Minnesota would have taken Foye at 6 if the C's didnt trade the #7 pick. They only drafted Roy at 6 so they could trade him to Portland and get Foye's contract with a #7 pick salary. I doubt they would've been able to trade Roy to Boston.


----------



## no_free_baskets (Jan 4, 2006)

off the top of my head, i really liked memphis, chicago, indiana, and new orleans selections...i think these guys had the best draft...


----------



## o.iatlhawksfan (Mar 3, 2006)

SeaNet said:


> *I don't really understand what Houston, Atlanta, and Boston were thinking*. Telfair over Foye @ 7?


Atlanta was thinking about fixing it's interior problems, which needed alot of help.


----------



## Starbury03 (Aug 12, 2003)

I think the Clippers had a hell of a draft for having two 2nd round pick's with Paul Davis and Diaz.


----------



## rainman (Jul 15, 2002)

o.iatlhawksfan said:


> Atlanta was thinking about fixing it's interior problems, which needed alot of help.


they're still thinking about it.


----------



## Real (Aug 3, 2005)

o.iatlhawksfan said:


> Atlanta was thinking about fixing it's interior problems, which needed alot of help.


You need a point gaurd, and Marcus Williams was right there. Shelden will be good, and you can't go wrong there, but you need a PG.

But much thanks go to the Atlanta Hawks and the other 17 or 18 teams outside the top 5 that passed up on Marcus Williams. With Williams, Boone, and Adams, our bench is much improved and Kidd is jumping up and down on his couch like he was 8 years old screaming in delirium.


----------



## o.iatlhawksfan (Mar 3, 2006)

rainman said:


> they're still thinking about it.


LOL very funny people in this board, I don't know who your team is but I bet that Shelden will do better than whatever team they picked.


----------



## o.iatlhawksfan (Mar 3, 2006)

Net2 said:


> You need a point gaurd, and Marcus Williams was right there. Shelden will be good, and you can't go wrong there, but you need a PG.
> 
> But much thanks go to the Atlanta Hawks and the other 17 or 18 teams outside the top 5 that passed up on Marcus Williams. With Williams, Boone, and Adams, our bench is much improved and Kidd is jumping up and down on his couch like he was 8 years old screaming in delirium.
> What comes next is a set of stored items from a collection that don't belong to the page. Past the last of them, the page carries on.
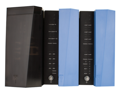
ACE1000 Remote Terminal Unit with covers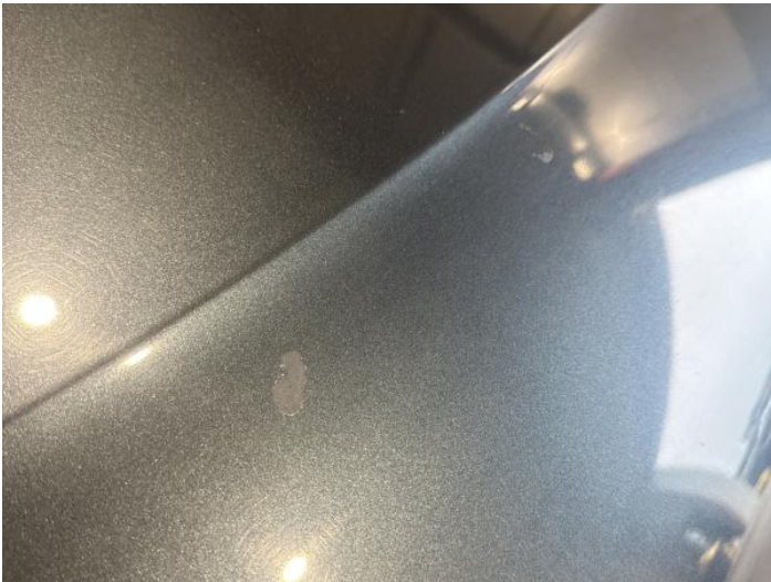
1: Bonnet Poor Previous Repair Paint Flake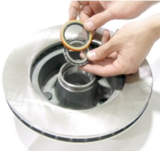
Inner Bearing Assembly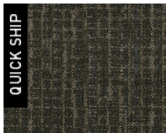
3564 Authentic ...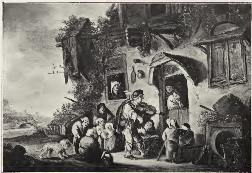
57. — OSTADE (Isack van).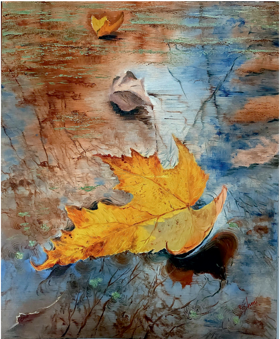
Title: YELLOW LEAF Size: 18 x 24 inches Medium: Oil on Canvas Price: Rs. 54,880/-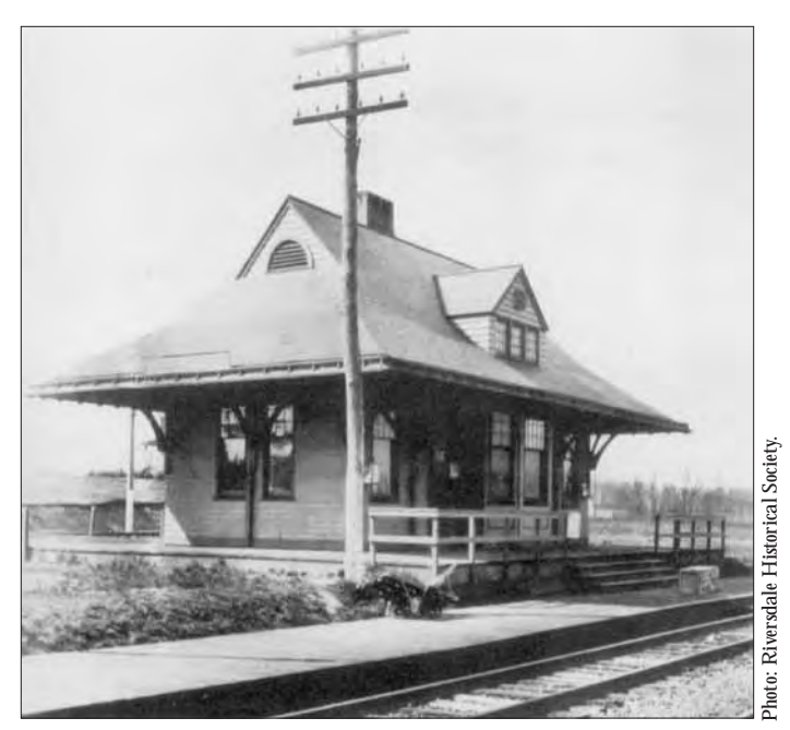
Original Victorian rail station.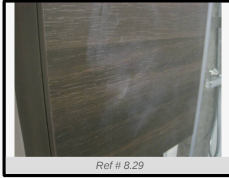
Ref # 8.29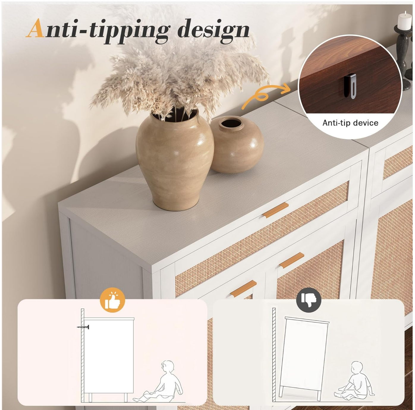
Image: Illustration of the anti-tipping design and its importance for safety. The image shows a diagram of the cabinet with an anti-tip device attached to the wall, demonstrating how it prevents tipping.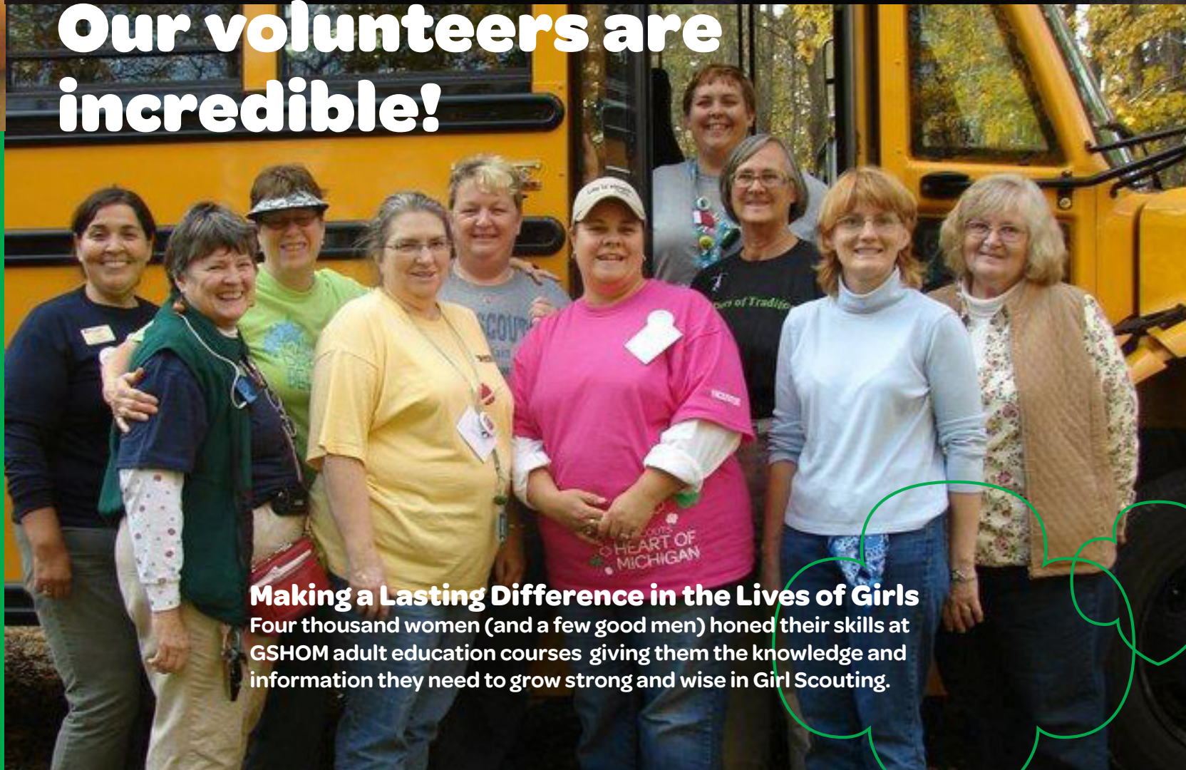
Making a Lasting Difference in the Lives of Girls Four thousand women (and a few good men) honed their skills at GSHOM adult education courses giving them the knowledge and information they need to grow strong and wise in Girl Scouting.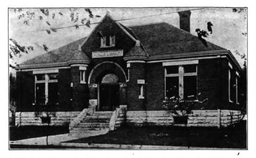
Public Library, York, Nebraska.-Established by Nebraska Alpha of Pi Beta Phi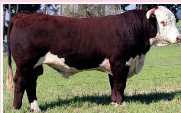
Maternal brother to Lot 47: Mawarra Extra Special - $12,000 Pretty family - 2017 Herefords Aust. National (Wodonga)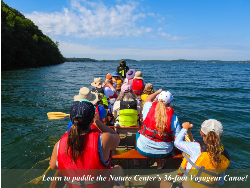
Learn to paddle the Nature Center's 36-foot Voyageur Canoe!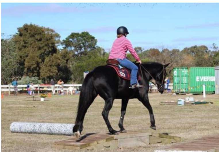
The Picaninny ring was popular with the under 10 age group. (see page 6)

Marcus Williams slip for a reason, we don't know why but i'm sure the gm do. Most likeliy it's his a wieght and athletesim, anyways even though you bash my hawks, good luck with Marcus.


----------



## rainman (Jul 15, 2002)

o.iatlhawksfan said:


> LOL very funny people in this board, I don't know who your team is but I bet that Shelden will do better than whatever team they picked.
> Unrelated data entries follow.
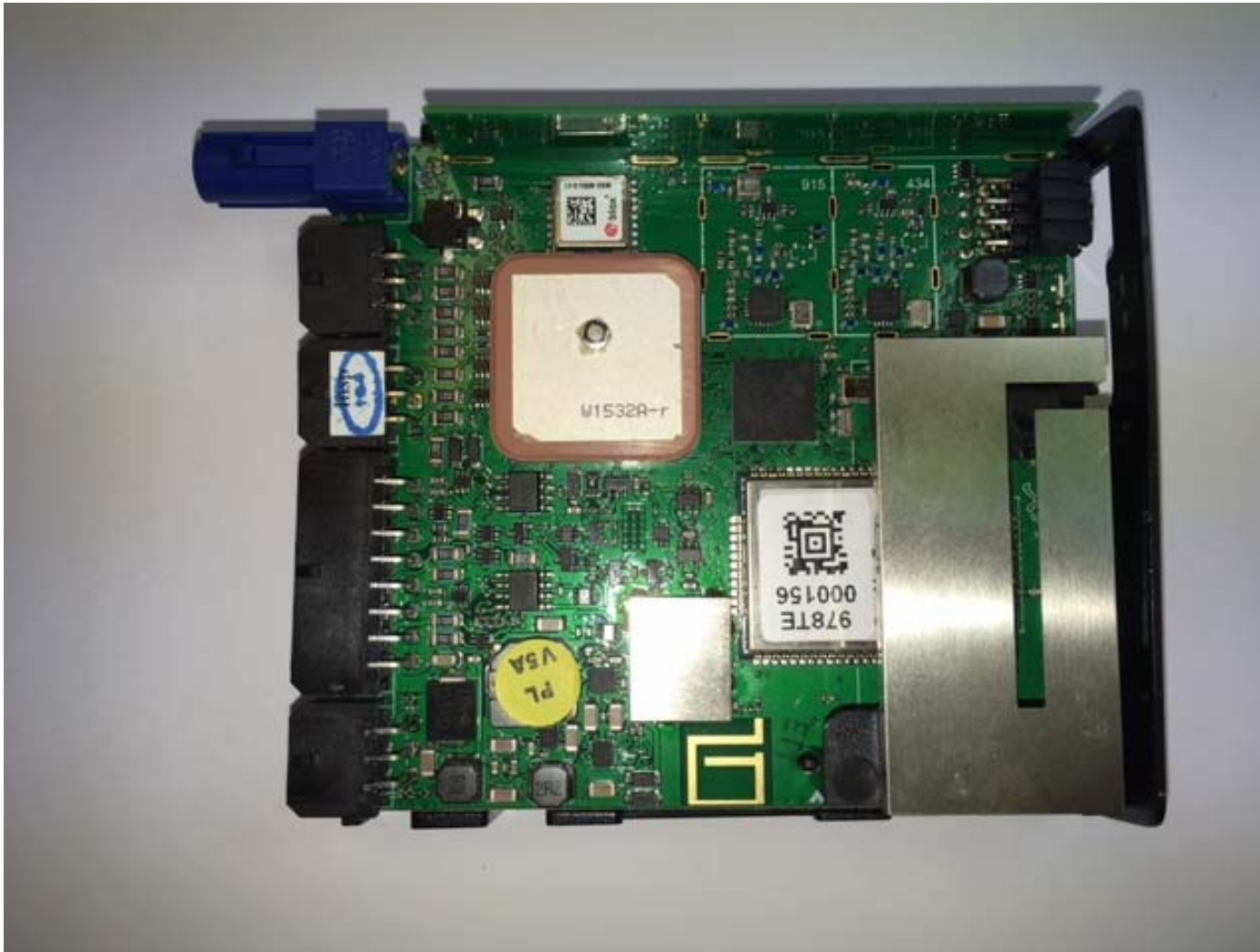
Figure 3- View of Main PCB on Carrier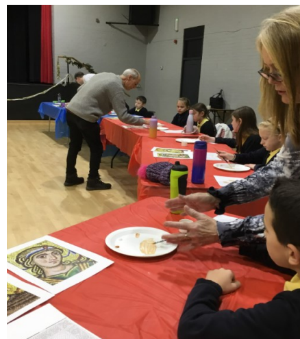
Guildhall Mosaic Project— Working with an artist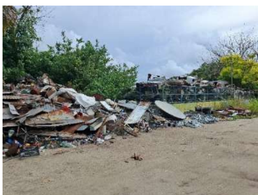
Figure 11: Waste dumping in Alifushi IWMC and nearby areas

However, due to overaccumulation of non-disposable waste, the areas adjacent to the IWMC and areas close to the boatyards are also currently used as waste dumping areas. This includes empty chemical containers, fibreglass waste, discarded moulds, plastic bottles and metal waste. Unlabelled containers of chemicals were also found left in open air in and around the boatyards. Waste was also observed to be dumped near the coastline, areas known for eroding, which would ultimately result in the waste ending up in the ocean.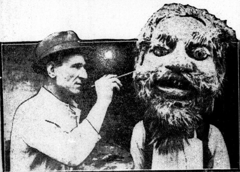
Working on figures for the pantomimes, a traditional feature of the English Christmas season.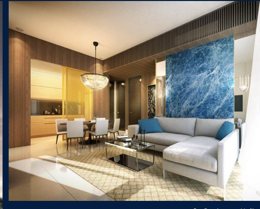
3 - Bedroom Unit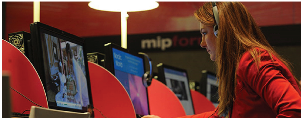
Figure 4. The MIPFormats screenings library.

sales, especially in a meeting between sellers and buyers in a market. In fact, having a sizzle reel is considered best practice for both format and finished program sales. 31 Buyers have limited time for each meeting. The unwritten rule of meetings in the MIPTV market is to spend about five minutes on small talk, about twenty minutes on discussion about projects, and about five minutes for one party—either seller or buyer—to walk to another stand for another meeting. 32 A twenty-minute meeting is not enough time to read format bibles and gain understanding of concepts and format instructions. Even when they have enough time, buyers face enormous risks in determining whether the information presented to them is valuable or not. Rather, buyers desire to gauge the feel and spirit of formats by watching sizzle reels, allowing more efficient, good purchasing decisions. If the buyers are interested in a format, they ask for detailed descriptions and instructions—commonly called the “send after.” 33 This business culture, which is found in the market and repeated in the MIPFormats conference, forces format producers and creators to carry visualized formats—in the form of sizzles—on their laptops or tablet PCs.

i'm a morrison fan(he went to school with one of my kids) and a sonics fan so who knows how saer sane will do. personally i like everything about shelden williams i think he's coachable, is going to keep his nose clean and is going to give a 100%. i dont see him as the #5 pick even in a weak draft and i dont see him as a powerforward on a championship caliber team. to me he's probably an nba backup or maybe someone like a hudonis haslem who could move outside if he developes a shot. in college he's been outplayed by guys like lonny baxter, sean may,chris kaman, paul davis, and marco killingsworth. you want me to say he's great then he's great but i dont see it that way.


----------



## TRON (Feb 29, 2004)

ahhh, nothing beats regurgitated ESPN commentary, not one original thought in this thread 

just basically praising of teams that got players that sliped and bashing of teams that chose players higher than mocked or unknown players, such a simple formula! :biggrin: 

I remember how last year Boston made out like thieves getting Gerald Green, while Toronto was just retarded for taking Villeneuva 7th.......popular opinion isn't always right.
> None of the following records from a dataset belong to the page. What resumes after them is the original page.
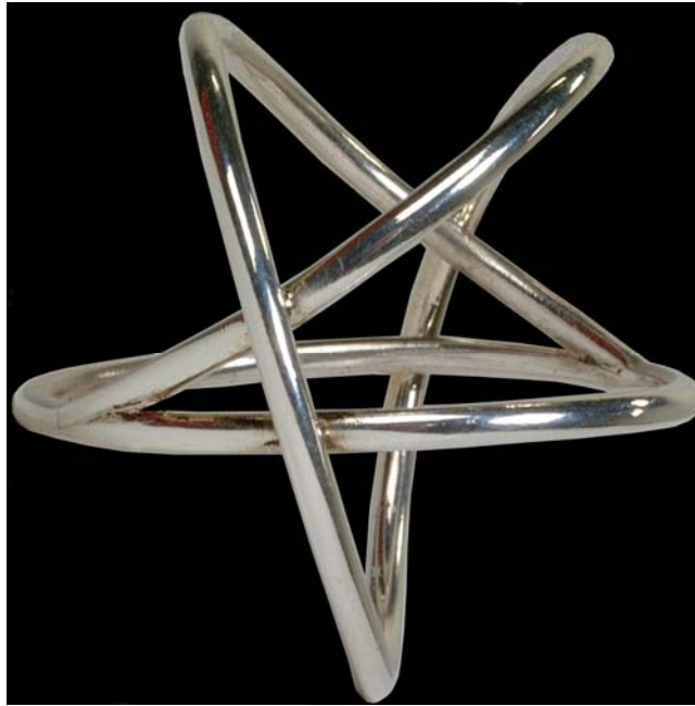
Akaija symbolises universal Love.

http://www.akaija.com/info/UK/UK05_gallery.shtml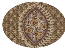
Piece A – Center Cut (4)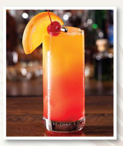
TEQUILA SUNRISE 7.99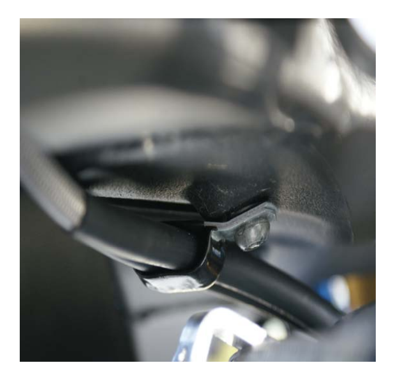
Clip-2 Line-A-D lower neck frame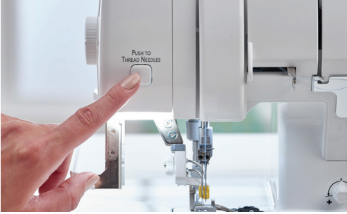
RevolutionAir™ Needle Threading Engage the RevolutionAir™ threader, push a button and the Acclaim's needles are threaded! Baby Lock's RevolutionAir Threading makes setting up your machine faster and easier than ever.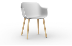
Shape Wood Armchair 05309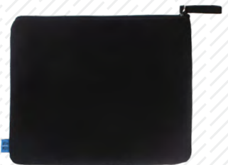
b Canvas zippered bag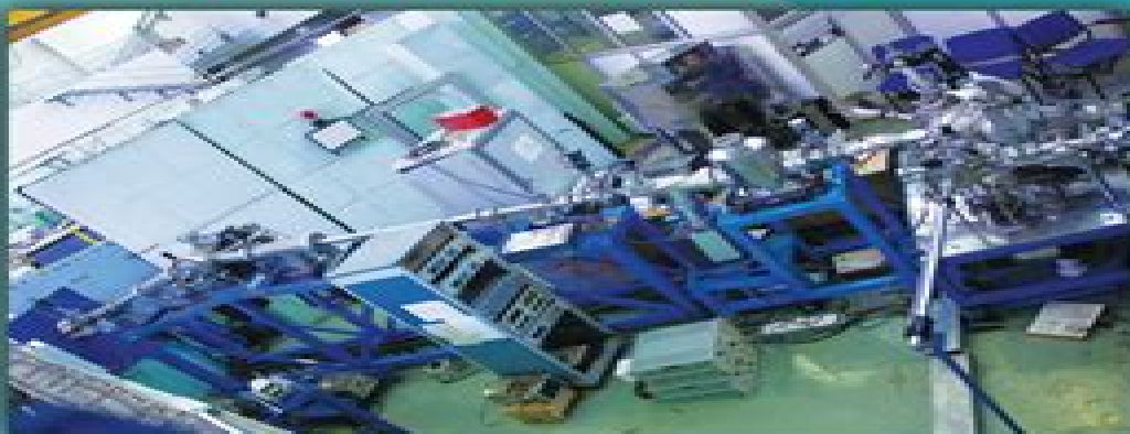
Photoelectron spectroscopy beamline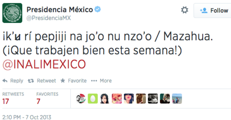
Figure 5: Example from Twitter.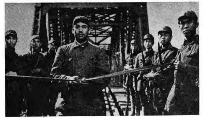
Rebuilt, the bridge is opened to trains carrying supplies urgently needed by the advancing people's army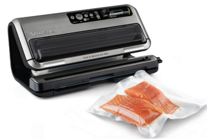
Figure 6. FoodSaver FM5400 2-in-1 (31)

including as an alternative to plastic sous vide bags (30). With the use of food grade silicone, there are no harmful byproducts or chemicals (30). The glass medium that was used was the 500 mL Bernardin jars and two-piece snap lids (27). Silicone and glass were tested because they provide an environmentally friendly alternative to polyethylene bags for sous vide cooking.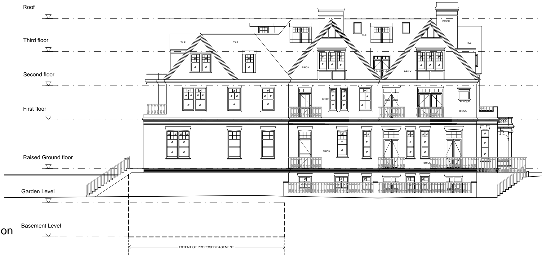
Proposed South street elevation Scale 1:200@A3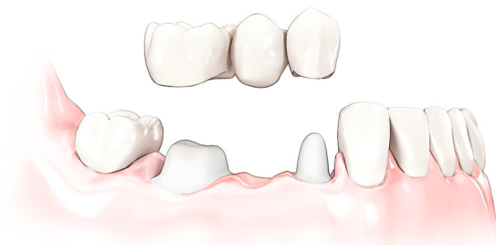
Replacement teeth on natural teeth. Neighboring teeth need to be ground down.

Depending on your individual situation, your dentist can immediately connect the implant to a temporary restoration that looks and feels just like your natural tooth.

> Originally posted by *Tersk !*
> 
> Hassan Adams could quite possibly be the steal of this draft, selected at 54 – Adams provides the Nets with another slasher who is in great athletic shape. Adams does not have the highest basketball IQ and often misuses his physique, but with Jason Kidd directing the show – look for some great dunks from this kid. The Nets could have had the greatest night out of all NBA teams, and much praise goes to Rod Thorn for his picks.


lol at NJ homers filling the boards with propaganda


----------



## Tersk (Apr 9, 2004)

TRON said:


> ahhh, nothing beats regurgitated ESPN commentary, not one original thought in this thread


I wrote this straight after the draft. Did not look at anything, sat down and formed my own opinions



> just basically praising of teams that got players that sliped and bashing of teams that chose players higher than mocked or unknown players, such a simple formula! :biggrin:


 Uh, obviously.


> I remember how last year Boston made out like thieves getting Gerald Green, while Toronto was just retarded for taking Villeneuva 7th.......popular opinion isn't always right.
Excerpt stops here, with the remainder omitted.